Bringmann, K., Ikenmeyer, C., & Zuiddam, J. (2017). On Algebraic Branching Programs of Small Width. Retrieved from http://arxiv.org/abs/1702.05328.


Zitierlink: http://hdl.handle.net/11858/00-001M-0000-002D-89A4-8
Zusammenfassung
In 1979 Valiant showed that the complexity class VP_e of families with polynomially bounded formula size is contained in the class VP_s of families that have algebraic branching programs (ABPs) of polynomially bounded size. Motivated by the problem of separating these classes we study the topological closure VP_e-bar, i.e. the class of polynomials that can be approximated arbitrarily closely by polynomials in VP_e. We describe VP_e-bar with a strikingly simple complete polynomial (in characteristic different from 2) whose recursive definition is similar to the Fibonacci numbers. Further understanding this polynomial seems to be a promising route to new formula lower bounds. Our methods are rooted in the study of ABPs of small constant width. In 1992 Ben-Or and Cleve showed that formula size is polynomially equivalent to width-3 ABP size. We extend their result (in characteristic different from 2) by showing that approximate formula size is polynomially equivalent to approximate width-2 ABP size.
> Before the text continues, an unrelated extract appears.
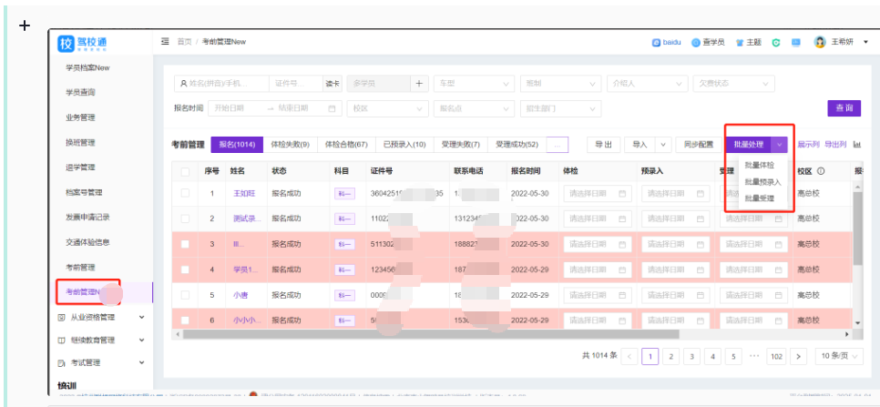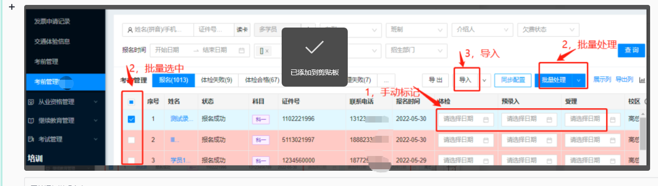 1,考前管理中体检、预录入(面签)、受理有比较精确要求的驾校或者没有U盾的驾校,可以通过考前管理对学员进行手动标记或者批量处理或者导入。

This is surprising because in 2011 Allender and Wang gave explicit polynomials that cannot be computed by width-2 ABPs at all! The details of our construction lead to the aforementioned characterization of VP_e-bar. As a natural continuation of this work we prove that the class VNP can be described as the class of families that admit a hypercube summation of polynomially bounded dimension over a product of polynomially many affine linear forms. This gives the first separations of algebraic complexity classes from their nondeterministic analogs.